Cyclophilin B Expression and Regulation in Breast Cancer
Cyclophilin B (CypB) is both a transcriptional activator of signal transducer and activator of transcription 5 (Stat5)-mediated gene expression and a ligand for the cell surface receptor CD147, which regulates downstream mitogen activated protein kinase (MAPK) activation, motility, calcium transport, and the expression of the pro-apoptotic protein Bim. Fang et al (Am J Pathol 2009, 174:297–308) explored the role of CypB in the regulation of breast cancer by inhibiting CypB expression in the breast cancer cell line T47D. Microarray data showed that CypB knockdown had far-reaching effects, impacting 27 different protein networks. Many gene products regulated by CypB contribute to cell proliferation, cell motility, and tumorigenesis. Consistent with these data, CypB knockdown also decreased T47D cell growth, proliferation, and motility. In a breast tissue microarray, increases in CypB protein levels correlated with the presence of breast cancer metastases. Therefore, CypB gene regulation may contribute to the progression of breast cancer.

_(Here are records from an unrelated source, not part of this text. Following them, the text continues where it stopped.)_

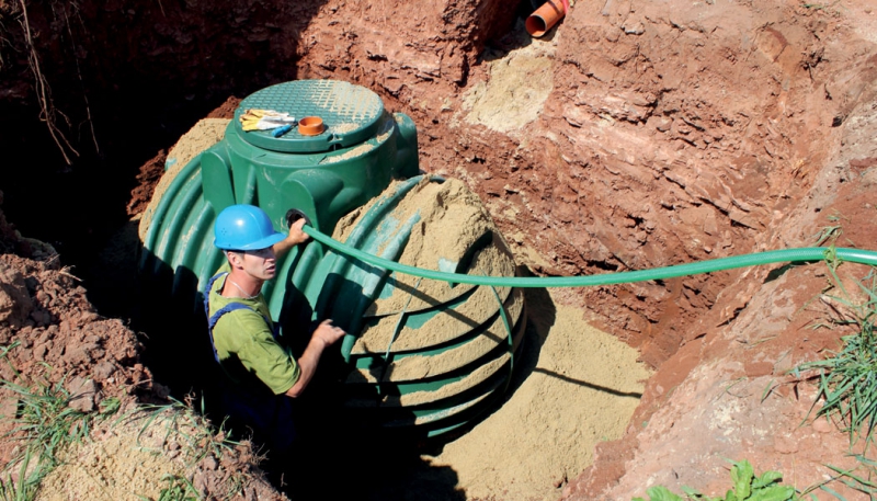 Uložit menší nádrže je možné v několika lidech ručně. Větší nádrže vyžadují instalaci pomocí stavební mechanizace. Na hutnění podsypu je vhodné použít žabku, obsyp doporučujeme hutnit ručně, např. kůlem. Je velmi důležité správně si spočítat výšku usazení nádrže vůči terénu a vůči přívodu vody. Je potřeba dodržet sklon od dešťových svodů (min. 0,5%, lépe 1%) a rozmyslet budoucí výšku terénních úprav.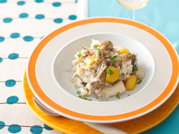 冷えたごはんでできる簡単リゾット。しめじ、エリンギ、舞茸の3種を炒めて風味を出し、ごはんに粉チーズ、白ワイン、ブイヨンを加えて味をととのえるだけ。お好みで最後に栗を添えて、季節感を出すのもおすすめ。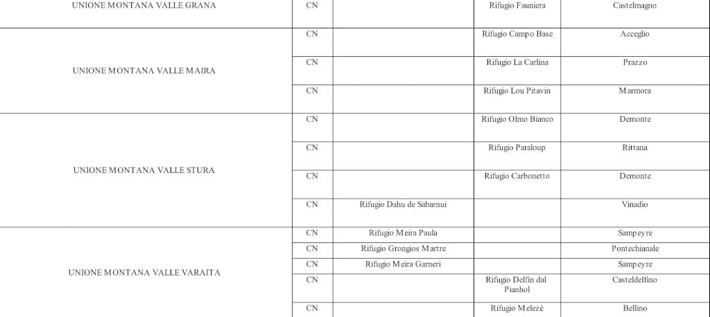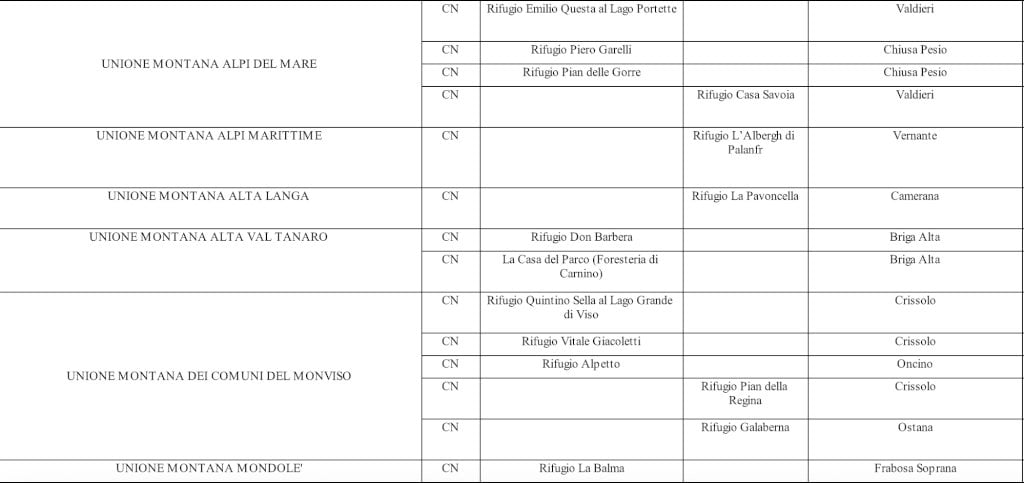 Sono 27 i rifugi della provincia di Cuneo che riceveranno un dispositivo. Di seguito l'elenco.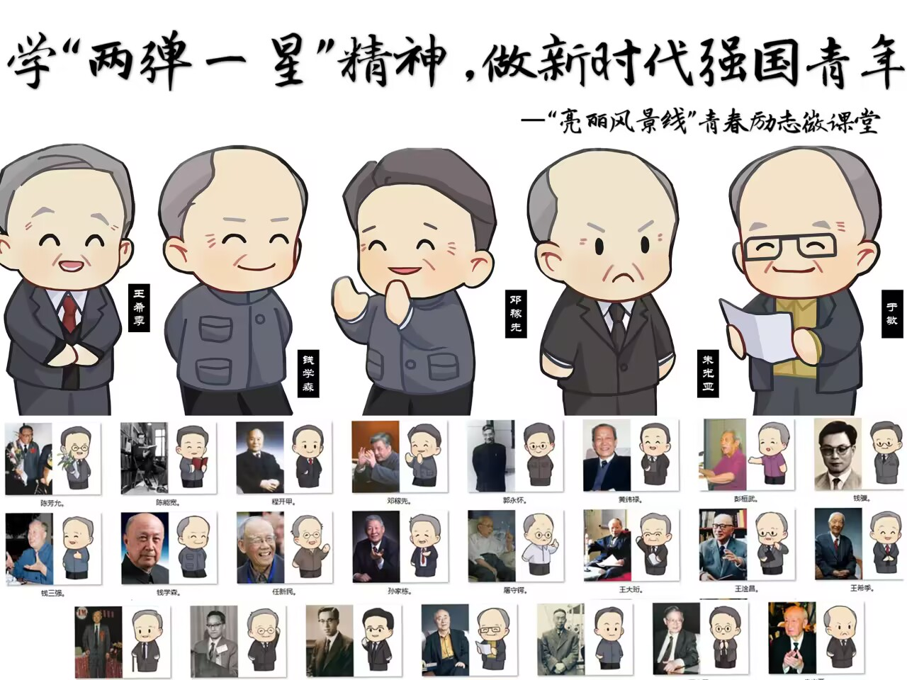 由低调看球 青马班学员设计的“两弹精神激励我成长”微课堂和课堂中使用的手绘的“‘两弹一星’元勋Q版人物故事汇”深受各班团,特别是23级新生喜欢。主创学生广泛查阅我国科学家研制‘两弹一星’的历史资料,设计微课主线和主讲内容,并将人物鲜明特点融入构思、付诸笔端,创作23位“两弹一星”元勋Q版形象,并制作“两弹精神激励我成长”课件,通过柔和的色彩、童趣的笔触增强人物形象亲和力和生动性,让新生在感受人物形象,聆听科学家故事的同时,无形之中也将“两弹元勋”们的感人事迹与精神铭记于心中,从而更加坚定理想信念,增强专业自信。

Inflammation-Associated Colon Cancer
Bacteria contribute to the development of certain cancers, in some measure, by stimulating chronic inflammation. Absence of the signaling molecule Smad3, which is activated in response to the inhibitory cytokine transforming growth factor (TGF-β), may therefore increase susceptibility to colon cancer. To examine whether lymphocyte TGF-β signaling contributes to development of colon cancer, Maggio-Price et al (Am J Pathol 2009, 174: 317–329) examined Smad3- and Rag2-deficient mice, which lack both adaptive immune responses and normal TGF-β signaling. They found that these mice are acutely sensitive to bacterially-induced inflammation and cancer attributable to both deficient T-regulatory cell function and increased expression of proinflammatory cytokines. Through increased expression of both pro-oncogenic and anti-apoptotic proteins, the epithelial cells in colonic tissues underwent enhanced proliferation and survival. These data suggest that the inflammatory response to microorganisms, as controlled by T-regulatory cells, plays a key role in the pathogenesis of colon cancer.